Digital divide is much smaller in the time distance perspective PDF Print E-mail
Saturday, 20 December 2008

Beyond GDP: the rapid growth of ICT contributes to reducing world disparities

The time distance perspective shows a very different picture of the digital divide than static measures. Both perspectives are necessary and S-time-distance as a novel generic statistical measure is needed to make the present-state-of-the-art more relevant for multi-dimensional and long-term development analysis and policy debate. 

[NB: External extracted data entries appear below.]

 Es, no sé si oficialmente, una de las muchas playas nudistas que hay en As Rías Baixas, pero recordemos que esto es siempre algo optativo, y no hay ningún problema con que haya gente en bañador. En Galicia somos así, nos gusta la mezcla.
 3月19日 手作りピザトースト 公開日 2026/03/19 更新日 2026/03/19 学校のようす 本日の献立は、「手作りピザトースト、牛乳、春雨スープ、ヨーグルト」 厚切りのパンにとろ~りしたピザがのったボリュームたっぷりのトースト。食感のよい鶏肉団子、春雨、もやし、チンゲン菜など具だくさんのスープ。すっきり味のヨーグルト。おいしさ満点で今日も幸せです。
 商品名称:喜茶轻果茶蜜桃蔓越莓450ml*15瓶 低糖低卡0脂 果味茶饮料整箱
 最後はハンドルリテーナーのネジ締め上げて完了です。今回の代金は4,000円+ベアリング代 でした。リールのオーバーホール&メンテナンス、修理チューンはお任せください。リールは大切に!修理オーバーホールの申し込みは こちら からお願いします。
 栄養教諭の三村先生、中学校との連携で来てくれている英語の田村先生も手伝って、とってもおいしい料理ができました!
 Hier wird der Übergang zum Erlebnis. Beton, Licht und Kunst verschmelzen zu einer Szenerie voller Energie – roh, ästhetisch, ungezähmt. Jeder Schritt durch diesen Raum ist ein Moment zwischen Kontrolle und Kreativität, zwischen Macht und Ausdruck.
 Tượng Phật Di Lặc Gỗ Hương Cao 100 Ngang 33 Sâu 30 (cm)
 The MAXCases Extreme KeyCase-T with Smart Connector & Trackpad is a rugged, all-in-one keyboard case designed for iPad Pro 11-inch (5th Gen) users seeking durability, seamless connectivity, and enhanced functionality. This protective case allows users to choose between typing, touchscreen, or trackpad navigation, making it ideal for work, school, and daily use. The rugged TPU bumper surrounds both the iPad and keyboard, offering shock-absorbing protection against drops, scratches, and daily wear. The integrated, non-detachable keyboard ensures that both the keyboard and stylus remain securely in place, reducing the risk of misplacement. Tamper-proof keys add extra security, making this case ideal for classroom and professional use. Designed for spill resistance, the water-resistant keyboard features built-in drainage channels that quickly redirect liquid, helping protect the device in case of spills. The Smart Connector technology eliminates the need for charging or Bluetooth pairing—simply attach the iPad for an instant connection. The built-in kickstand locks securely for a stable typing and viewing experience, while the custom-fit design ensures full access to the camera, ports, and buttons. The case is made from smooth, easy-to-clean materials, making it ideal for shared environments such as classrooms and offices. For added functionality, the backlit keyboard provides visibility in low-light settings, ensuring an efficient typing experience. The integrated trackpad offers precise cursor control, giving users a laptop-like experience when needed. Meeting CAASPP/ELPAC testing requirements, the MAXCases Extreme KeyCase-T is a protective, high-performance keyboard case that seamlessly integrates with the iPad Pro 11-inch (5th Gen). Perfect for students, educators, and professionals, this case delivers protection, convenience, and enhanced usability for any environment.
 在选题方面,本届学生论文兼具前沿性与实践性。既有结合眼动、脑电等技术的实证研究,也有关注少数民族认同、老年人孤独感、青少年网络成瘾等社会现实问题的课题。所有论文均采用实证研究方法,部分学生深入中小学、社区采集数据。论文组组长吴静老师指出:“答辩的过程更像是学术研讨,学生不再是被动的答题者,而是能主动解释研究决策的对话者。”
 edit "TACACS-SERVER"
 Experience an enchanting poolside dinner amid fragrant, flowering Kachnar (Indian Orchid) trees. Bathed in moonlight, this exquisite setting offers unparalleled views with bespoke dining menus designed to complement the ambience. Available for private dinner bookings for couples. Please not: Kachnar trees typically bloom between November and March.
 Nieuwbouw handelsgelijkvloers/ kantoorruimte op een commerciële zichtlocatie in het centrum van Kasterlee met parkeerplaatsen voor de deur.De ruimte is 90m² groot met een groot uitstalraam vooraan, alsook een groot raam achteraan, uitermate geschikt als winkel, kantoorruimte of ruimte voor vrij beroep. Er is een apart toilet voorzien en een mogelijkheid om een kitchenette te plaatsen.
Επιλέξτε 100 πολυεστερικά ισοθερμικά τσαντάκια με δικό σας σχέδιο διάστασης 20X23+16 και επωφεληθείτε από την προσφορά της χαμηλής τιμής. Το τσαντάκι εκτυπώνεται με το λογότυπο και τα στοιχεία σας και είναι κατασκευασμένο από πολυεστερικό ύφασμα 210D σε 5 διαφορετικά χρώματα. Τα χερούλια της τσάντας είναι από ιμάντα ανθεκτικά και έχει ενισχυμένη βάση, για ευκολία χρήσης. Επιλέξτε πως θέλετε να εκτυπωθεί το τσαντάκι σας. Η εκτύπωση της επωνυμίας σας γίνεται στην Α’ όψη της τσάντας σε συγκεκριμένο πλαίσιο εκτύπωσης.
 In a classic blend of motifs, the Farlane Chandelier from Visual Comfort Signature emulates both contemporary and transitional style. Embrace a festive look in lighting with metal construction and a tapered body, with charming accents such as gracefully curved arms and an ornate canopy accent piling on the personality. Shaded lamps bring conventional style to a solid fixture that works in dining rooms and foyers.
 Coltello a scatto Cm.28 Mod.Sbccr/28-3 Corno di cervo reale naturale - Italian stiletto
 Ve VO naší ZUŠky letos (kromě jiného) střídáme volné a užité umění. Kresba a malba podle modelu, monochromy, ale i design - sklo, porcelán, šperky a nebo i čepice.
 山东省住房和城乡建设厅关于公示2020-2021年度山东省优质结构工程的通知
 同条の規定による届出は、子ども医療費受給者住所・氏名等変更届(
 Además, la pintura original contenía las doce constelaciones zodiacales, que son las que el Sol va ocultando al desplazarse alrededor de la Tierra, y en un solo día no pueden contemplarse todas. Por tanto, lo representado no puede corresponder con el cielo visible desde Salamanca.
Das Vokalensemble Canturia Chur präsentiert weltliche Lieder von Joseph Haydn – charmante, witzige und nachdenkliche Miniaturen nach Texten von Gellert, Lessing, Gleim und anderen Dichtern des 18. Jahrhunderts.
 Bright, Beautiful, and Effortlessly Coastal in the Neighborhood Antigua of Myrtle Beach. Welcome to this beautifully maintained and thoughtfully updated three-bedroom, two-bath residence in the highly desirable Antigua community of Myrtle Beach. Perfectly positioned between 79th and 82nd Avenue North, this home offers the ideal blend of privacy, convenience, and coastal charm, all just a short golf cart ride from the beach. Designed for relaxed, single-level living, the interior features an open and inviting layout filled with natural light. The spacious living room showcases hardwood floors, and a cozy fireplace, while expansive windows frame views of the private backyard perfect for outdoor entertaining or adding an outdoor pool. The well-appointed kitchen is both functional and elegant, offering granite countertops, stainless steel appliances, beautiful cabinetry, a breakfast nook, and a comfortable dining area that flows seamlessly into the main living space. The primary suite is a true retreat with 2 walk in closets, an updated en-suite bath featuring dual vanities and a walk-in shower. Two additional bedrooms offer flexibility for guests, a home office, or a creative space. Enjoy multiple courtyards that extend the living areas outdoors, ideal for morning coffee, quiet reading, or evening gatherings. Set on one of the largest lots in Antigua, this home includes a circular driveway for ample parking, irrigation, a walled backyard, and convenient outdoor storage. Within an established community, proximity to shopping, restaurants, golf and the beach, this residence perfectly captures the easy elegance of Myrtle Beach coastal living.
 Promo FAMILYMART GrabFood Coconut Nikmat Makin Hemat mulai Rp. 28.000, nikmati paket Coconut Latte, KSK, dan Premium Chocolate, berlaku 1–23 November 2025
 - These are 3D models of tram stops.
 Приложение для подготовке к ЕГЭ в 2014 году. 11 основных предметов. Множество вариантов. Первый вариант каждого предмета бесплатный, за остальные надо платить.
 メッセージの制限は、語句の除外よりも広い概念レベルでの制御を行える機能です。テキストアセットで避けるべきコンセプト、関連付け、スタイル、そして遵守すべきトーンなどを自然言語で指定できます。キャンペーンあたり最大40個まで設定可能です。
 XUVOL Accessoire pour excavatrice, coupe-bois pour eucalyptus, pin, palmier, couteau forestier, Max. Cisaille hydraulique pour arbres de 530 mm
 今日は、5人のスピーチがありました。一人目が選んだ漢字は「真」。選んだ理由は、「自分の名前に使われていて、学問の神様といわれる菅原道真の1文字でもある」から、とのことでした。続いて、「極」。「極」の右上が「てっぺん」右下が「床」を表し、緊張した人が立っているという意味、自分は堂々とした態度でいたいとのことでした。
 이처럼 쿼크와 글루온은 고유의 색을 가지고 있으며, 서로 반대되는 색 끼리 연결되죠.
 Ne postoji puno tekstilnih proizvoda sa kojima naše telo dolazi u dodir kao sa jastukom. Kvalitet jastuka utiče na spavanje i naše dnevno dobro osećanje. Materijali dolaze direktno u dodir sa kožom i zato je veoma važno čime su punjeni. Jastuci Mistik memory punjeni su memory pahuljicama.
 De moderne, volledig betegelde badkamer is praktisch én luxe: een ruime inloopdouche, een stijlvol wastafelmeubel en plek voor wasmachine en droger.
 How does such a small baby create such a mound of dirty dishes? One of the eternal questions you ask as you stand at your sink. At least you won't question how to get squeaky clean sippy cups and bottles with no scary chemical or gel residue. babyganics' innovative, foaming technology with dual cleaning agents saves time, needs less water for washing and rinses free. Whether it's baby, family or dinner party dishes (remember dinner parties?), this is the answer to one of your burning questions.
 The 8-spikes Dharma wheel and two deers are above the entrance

Pavle Sicherl contributed a brief note to the open discussion for the Paradiso 7FP project ‘ICT for a global sustainable future’ available below. The broader orientation beyond GDP means that comparisons and policy debate have to be broadened in two respects: 1) with new values and new Beyond GDP indexes or indicators and 2) with new statistical measures that can help the stakeholders to build their perceptions of the situation in a broader dynamic framework that is closer to the reality. In such a broader framework beyond the static measures (like Gini coefficients, indexes or percentage disparities) a complementary but very different picture of the importance of the ICT in world development is obtained.  The dynamics of the ICT access might be considered as important means to reduce disparities in the world, at least in this domain.

The time distance gaps for ICT access are much smaller than for GDP per capita or life expectancy. The time distance perspective of world disparities was studied by calculating S-time-distances of how many years earlier were the present values for 160-190 countries attained in Sweden as a long-term benchmark.

Median S-time-distance lags behind Sweden for GDP per capita was in 2003 70 years and for female life expectancy 53 years (meaning that for half of the countries the time lag was more than that). The median values of S-time-distance lag behind Sweden for internet users per 100 inhabitants were in 2006 about 10 years and for cellular subscribers per 100 inhabitants about 7 years, even though the static disparities are high.